Aston Martin mit Sensor-Experiment: Das Team fuhr während des Tages mit diversen Sensoren am Wagen, was jedoch nicht zum gewünschten Erfolg führte. Fernando Alonso (44) erzielte nur die zweitschlechteste Zeit und musste seinen Wagen nach 68 Runden wegen eines Defekts der Antriebseinheit abstellen.

Ferrari mit rotierendem Heckflügel: Ferrari und Lewis Hamilton (41) überraschten mit einem Heckflügel, der um 180 Grad rotieren konnte.
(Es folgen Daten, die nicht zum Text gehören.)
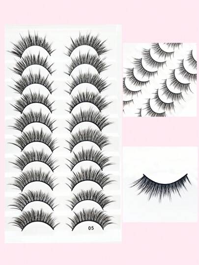 10 对猫眼形尖尾假睫毛超时尚适合女孩美容化妆和派对 - 濃密款 - 查看 2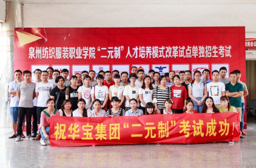 2017年6月14日,華寶集團(tuán)與泉州紡織服裝職業(yè)學(xué)院合作的“二元制”人才培養(yǎng)模式改革試點(diǎn)單獨(dú)招生考試順利開(kāi)考。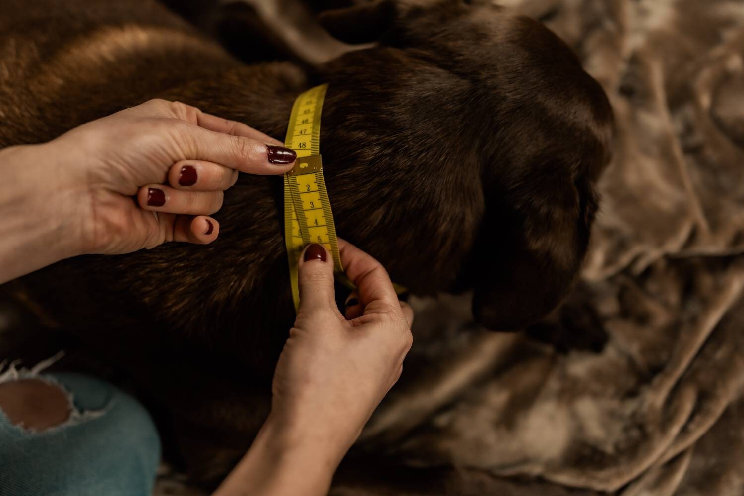 Am besten mit einem Maßband direkt am Hals deines Hundes messen.
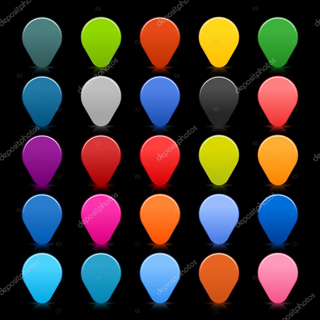 25 mapping pins sign web map icon. Empty buttons circle shape with shadow and reflection on gray background. Newest contemporary simple style.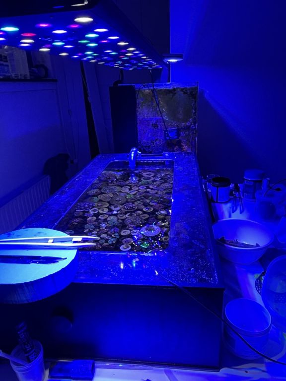AI Prime på display og Evergro på Zoa-akvariet. AI Prime fungerer fint til mit behov, oveni købet selvom jeg har topglas på for at minimere vandfordampning. Dog bemærk en ting og lyt til et godt råd: skru ned for UV-lyset på dem, da plastiklinsen ellers smelter ganske enkelt over tid ligeud for den ene diode. Plastikken nedbrydes af en eller anden årsag. Tror jeg kørte dem på 80-100%, indtil jeg opdagede problemet. Evergro-lampe over Zoa-akvariet virker super fint.
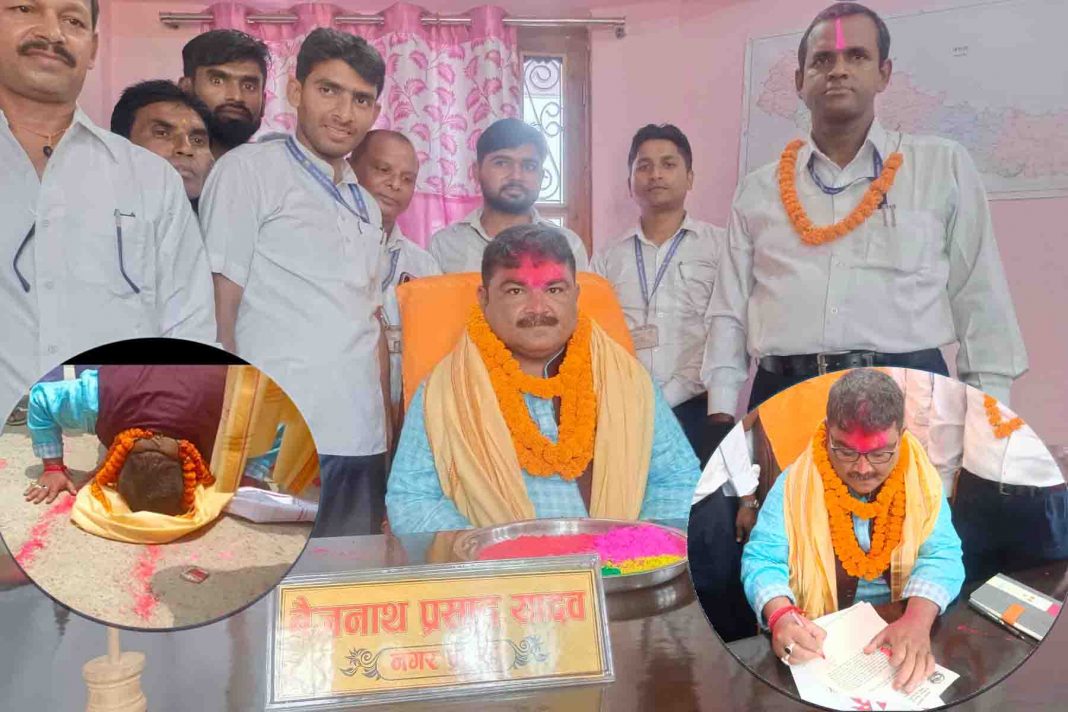 रौतहट ।। रौतहटको माधवनारायण नगरपालिकाका नवनिर्वाचित मेयर बैजनाथ प्रसाद यादवले बुधवार पदभार ग्रहण गरेका छन । मेयर बैजनाथ प्रसाद यादव नगरपालकाको कार्यलयको प्रवेशद्धार ढोग्दै आफ्ना कार्यभार सम्भालनु भएको छ । स्थानीय तहको निर्वाचनमा नेपाली कांग्रेसकाबाट निर्वाचित यादवले कार्यभार सम्हालदै आफना पहिलो नीति तथा कार्यक्रममा नगर कार्यपालिका कार्यालयको प्रशासनिक भवन निर्माणका लागि आवश्यक पर्ने बजेट छुटयाउने योजना रहेको उनले बताए ।

Mit dieser Innovation fuhr der siebenfache Weltmeister immerhin auf Platz vier.

Startübungen mit Hindernissen: Am Ende der beiden Sessions übten die Fahrer den Start, der durch das neue Energiemanagement komplizierter geworden ist. Weltmeister Lando Norris (26) blieb dabei gleich zweimal stehen.

Wolffs deutliche Worte: Mercedes-Boss Toto Wolff (54) äußerte sich bei der Pressekonferenz zum Motoren-Zoff: „Geschichten darüber, dass wir einen illegalen Motor haben, sind Bullshit. Genauso wie die Behauptung, unser Kraftstoff würde nicht den Vorschriften entsprechen. Vielleicht kommt morgen etwas anderes auf – vielleicht, dass ich in den Epstein-Akten stehe … Ok, diese Bemerkung bereue ich jetzt schon.“

Die Formel-1-Tests in Bahrain bieten somit eine Mischung aus ernsthafter Vorbereitung, technischen Innovationen und ungewöhnlichen Momenten – wie einem Nickerchen im Rennwagen.